Thecombinefunction associates multiple datastores. Operating on the resultingCombinedDatastore, such as resetting the datastore, performs the same operation on all of the underlying datastores. Calling thereadfunction of a combined datastore reads one batch of data from all of theNunderlying datastores, which must return the same number of observations. Reading from a combined datastore returns the horizontally concatenated results in anN-column cell array that is suitable for training and validation. Shuffling a combined datastore results in an identical randomized ordering of files in the underlying datastores.

For example, if you are training an image-to-image regression network, then you can create the training data set by combining two image datastores. This sample code demonstrates combining two image datastores namedimdsXandimdsY。

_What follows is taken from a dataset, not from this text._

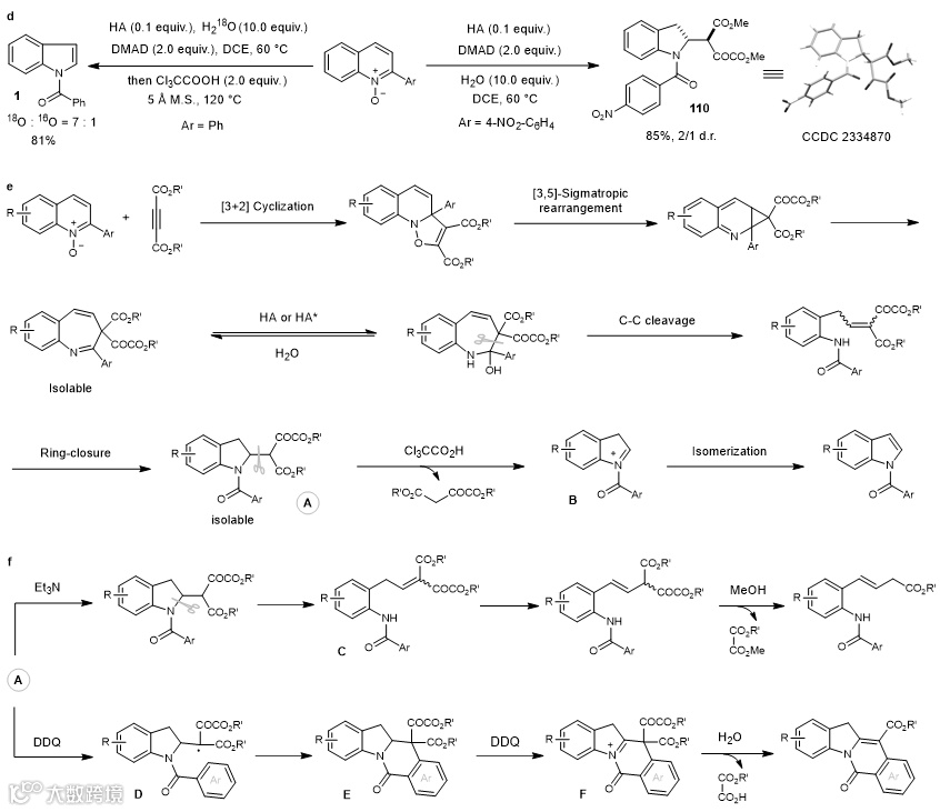 在机理研究过程中,作者使用了 H218O作为示踪剂,有力地证明了水是以分子间作用的方式参与到反应之中(图6)。在反应中,首先通过喹啉N-氧化物与二烷基乙炔二羧酸酯的[3+2]环化/[3,5]-σ重排/环扩张级联反应生成苯并氮杂䓬中间体。随后,苯并氮杂䓬与水在布朗斯特斯酸催化下发生半缩醛化/逆Mannich/aza-Michael加成反应,生成2-取代吲哚啉。进一步的反应步骤包括通过三氯乙酸促进的离去反应生成吲哚,通过三乙胺促进的环开裂生成2-烯基苯胺,以及通过DDQ促进的自由基环化生成异喹啉酮。

The combined datastoreimdsTrainreturns data as a two-column cell array.

imdsX = imageDatastore(___); imdsY = imageDatastore(___); imdsTrain = combine(imdsX,imdsY)

imdsTrain = CombinedDatastore with properties: UnderlyingDatastores: {1×2 cell}

如果你有图像处理工具箱,然后randomPatchExtractionDatastore(Image Processing Toolbox)provides an alternate solution to associating image-based data inImageDatastores,PixelLabelDatastores, andTransformedDatastores. ArandomPatchExtractionDatastorehas several advantages over associating data using thecombinefunction. Specifically, a random patch extraction datastore:

Provides an easy way to extract patches from both 2-D and 3-D data without requiring you to implement a custom cropping operation usingtransformandcombine
Provides an easy way to generate multiple patches per image per mini-batch without requiring you to define a custom concatenation operation usingtransform。
Supports efficient conversion between categorical and numeric data when applying image transforms to categorical data
Supports parallel training
Improves performance by caching images

使用数据存储并行训练和英航ckground Dispatching

Datastores used for parallel training or multi-GPU training must be partitionable. To determine if a datastore is partitionable, use the functionisPartitionable。Specify parallel or multi-GPU training using the'ExecutionEnvironment'name-value pair argument oftrainingOptions。或者使用单个或多个并行训练GPUs requires Parallel Computing Toolbox™.

Many built-in datastores are already partitionable because they support thepartitionfunction. Using thetransformandcombinefunctions with built-in datastores frequently maintains support for parallel and multi-GPU training.

If you need to create a custom datastore that supports parallel or multi-GPU training, then your datastore must implement thematlab.io.datastore.Partitionableclass.

Partitionable datastores support reading training data using background dispatching. Background dispatching queues data in memory while the GPU is working. Specify background dispatching using the'DispatchInBackground'name-value pair argument oftrainingOptions。Background dispatching requires Parallel Computing Toolbox.

When training in parallel, datastores do not support specifying the'Shuffle'name-value pair argument oftrainingOptionsas'none'。